I have always loved this recipe, and even though it’s not strictly a festive recipe, I find Christmas is when I most often think of it and want to make it.
Along with Pavlova (you can find my Grandma’s recipe for that here), these shortbread were my favourite thing Grandma made. I recall making them with her as a child, and eating the glacé cherries before they even made it on to the biscuits!
I even remember the last time she ever made them for me. I had an afternoon tea for my 21st birthday and Grandma asked what she could bring. I initially said she didn’t need to bring anything, but I could tell she was a little disappointed at that response.
I then thought of these biscuits and called her back and asked her to make them for my birthday. I’m so glad I did, as even though that was a few years before she died, I don’t recall enjoying her shortbread again.
Now I make them, often at this time of year. I use the cutters she used, and the taste and smell of them reminds me of her. They are simple to make, yet super delicious. Even if you don’t have much time to bake over the holidays, give these a go as the few ingredients and little time needed culminate in the most comforting cheery biscuit.
If you like you can add the seeds of one vanilla bean or 1 tsp of vanilla extract or paste to the biscuit dough when you are mixing the butter and sugar together. I love using vanilla, but since my Grandma didn’t include it in her recipe I have left it out this time.

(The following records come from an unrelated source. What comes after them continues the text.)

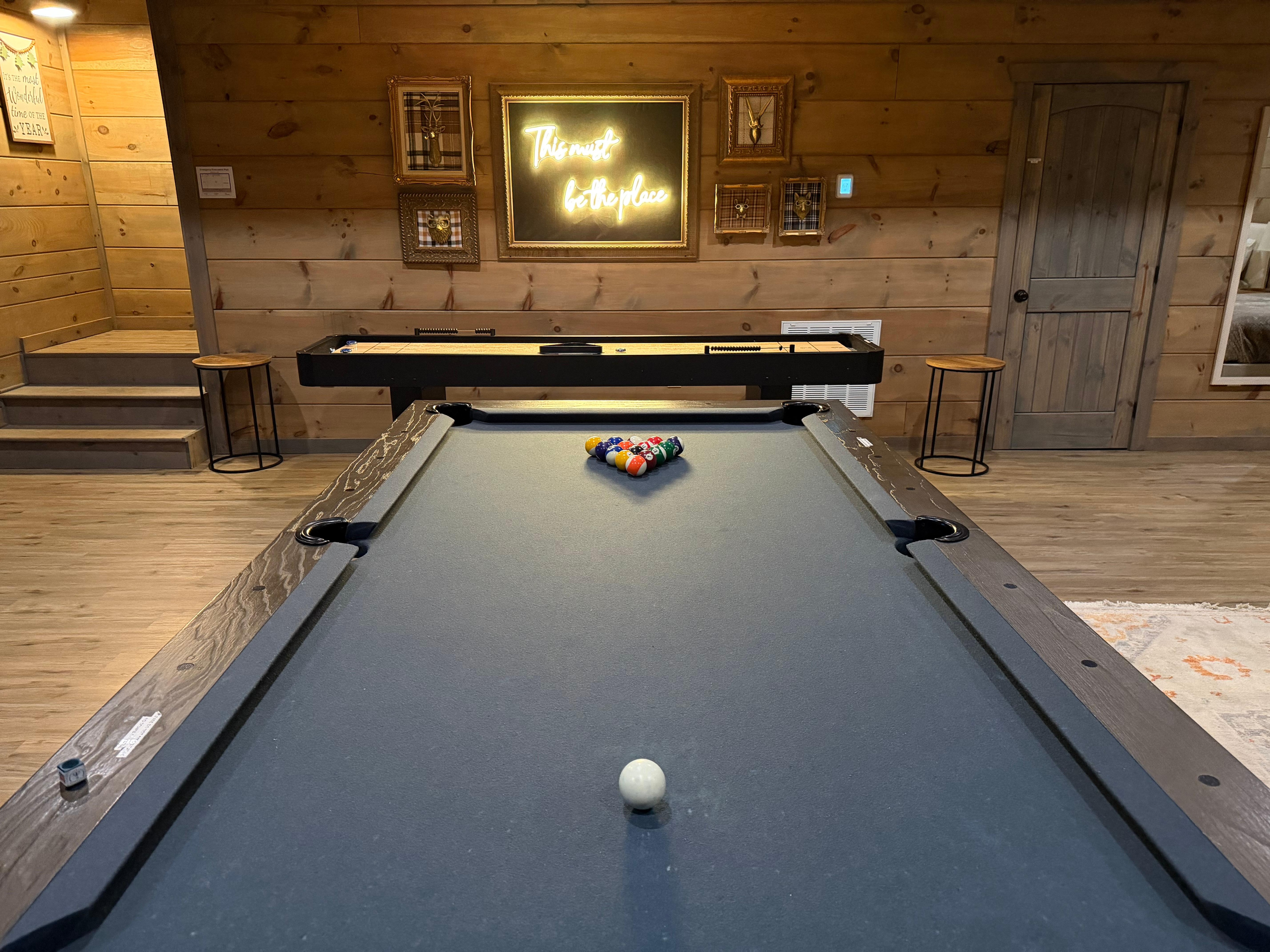 ☀ Pool Table, Shuffleboard Table, and Whiskey Barrel Arcade game for family fun and entertainment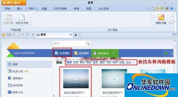 首页打开wps演示,一般情况下会直接显示“在线模板”页面,这时我们可以在此页面中进行查找,选择自己喜欢的模板,同时我们也可以在标签中搜索各种风格的模板。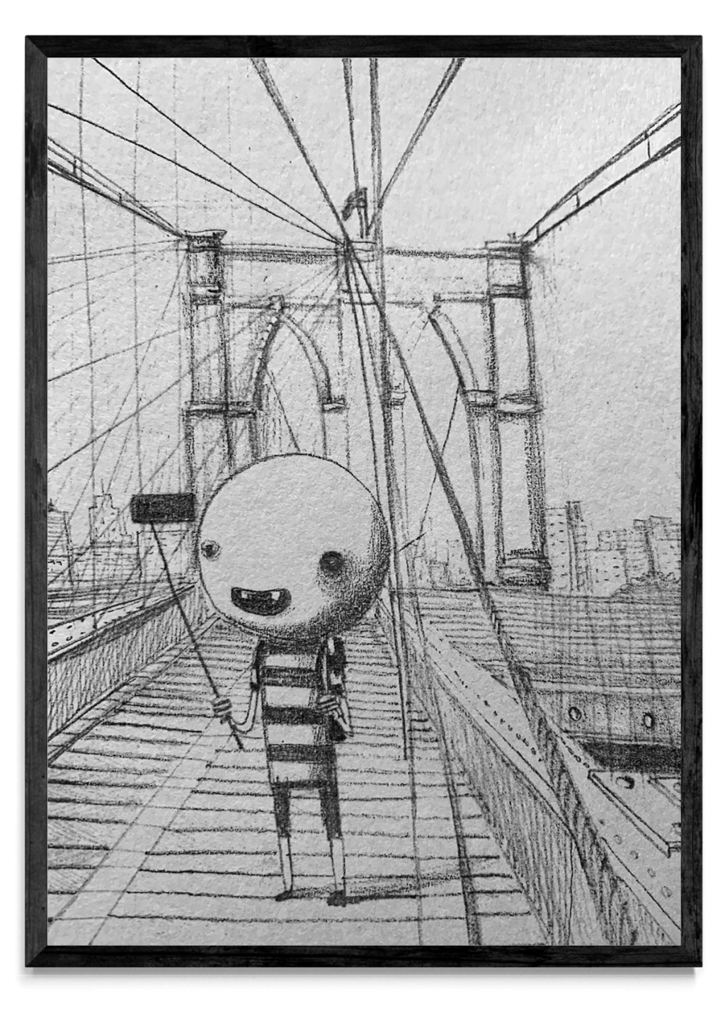 La Neurona creativa sale de viaje y se hace una selfie. Realizado en lápiz sobre papel.
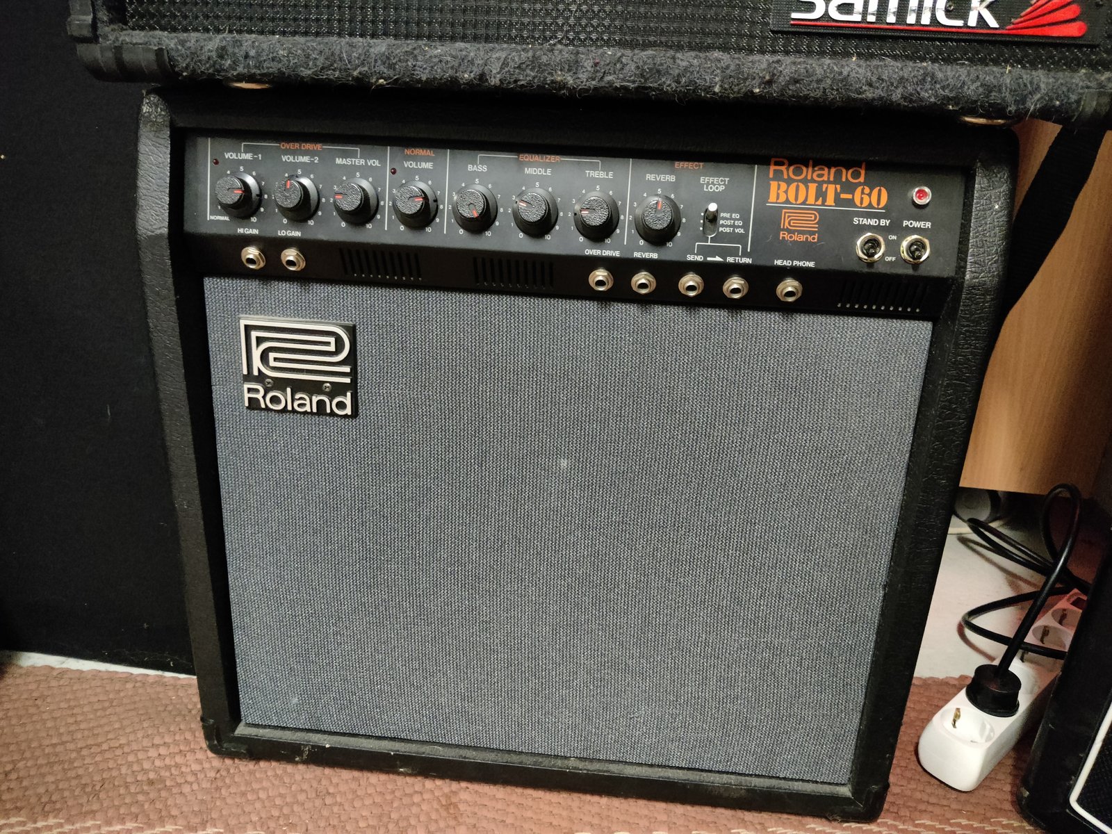 | Pitkään käyttämättä ollut Roland Bolt 60. Potikat hiukan jo rahisee, muuten soiva peli. Kantokahva on jäänyt johonkin matkan varrelle ja etukangas ei ole alkuperäinen. Joku Samickin trankkukombo. Ääni tulee. Roland 300¤ Samick 50¤ Nouto Loimaalta, en lähetä. En muista juurikaan kyttäillä pikaviestejä, sähköposti ja WA tavoittaa nopeiten. Vaihdossa kelpaa kompura- ja/tai reverb-polkimet. Hinta: 300 € | |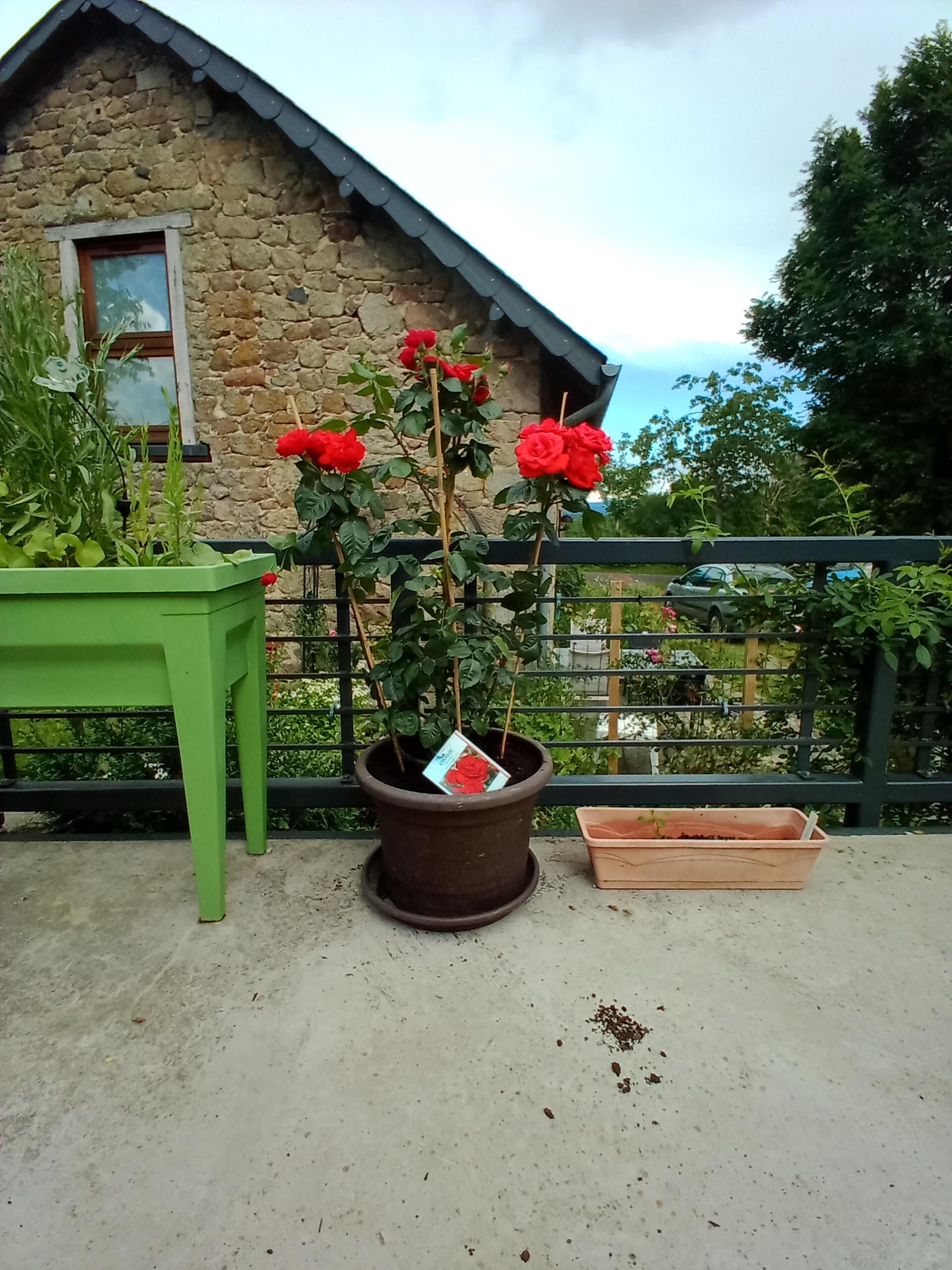 Ik heb van Nederlandse vrienden een prachtige roos gekregen. Ik heb ze in het voorjaar ergens mee geholpen terwijl zij in Nederland vast zaten vanwege de Corona. Het had niet gehoeven maar ik vindt het wel een leuk gebaar. Voorlopig heb ik hem in een grote pot op mijn terras staan en in de herfst ga ik er een mooi plekje voor zoeken in de tuin.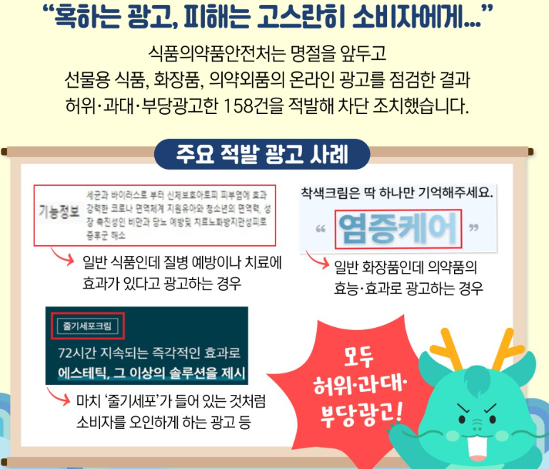 소비자 울리는 허위 · 과대 · 부당 광고 명절 선물 구매 전 주의하셔야 합니다. 식약처는 설을 앞두고 소비자 피해를 예방하기 위해 의약외품의 온라인 광고를 집중 점검을 하였습니다.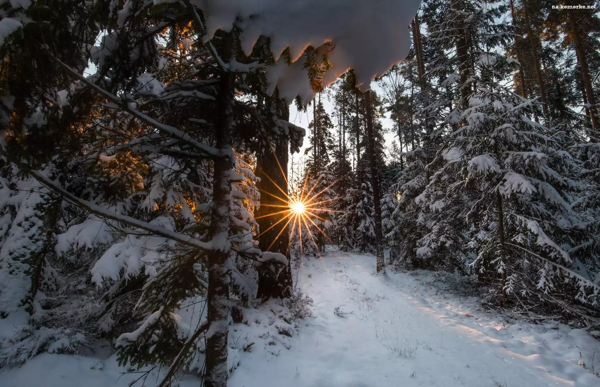 Zima, Promienie słońca, Las, Wschód słońca na Komórkę

Christmas Shortbread Biscuits
Ingredients:
160g unsalted butter, softened (at room temp)
60g caster sugar
250g plain flour
14 red glacé cherries, approx.
Method:
Preheat oven to 150 degrees Celsius, and line two large baking trays with baking paper.
Place the butter and sugar in the bowl of the stand mixer and beat with the paddle attachment until well combined.
Add the flour and mix on low until a dough starts to form.
Lightly flour your work surface, and tip the dough out. Bring together with your hands then roll out with a rolling pin until it is about 2mm thick. Dust the top of the dough and the rolling pin with a little flour if the dough sticks to your rolling pin.
Cut out biscuits with a 6cm (approx.) biscuit cutter, and transfer to the prepared trays using a palette knife. Bring the scraps of dough together with your hands, roll out again and cut out more biscuits, repeat until the dough is all used up.
Cut the glacé cherries in half, and gently push half into the centre of each biscuit.
Bake for 15-20 minutes, turning the trays around halfway through to ensure even cooking.
The shortbread shouldn’t go very golden in the oven, they will be ready when the edges start to colour and if you gently check the underneath of one you can see it has cooked and is a little golden in colour.
Allow to cool on the trays or transfer to a wire rack.
Makes about 28 biscuits with a 6cm biscuit cutter, however it will depend on the size of the cutter you use.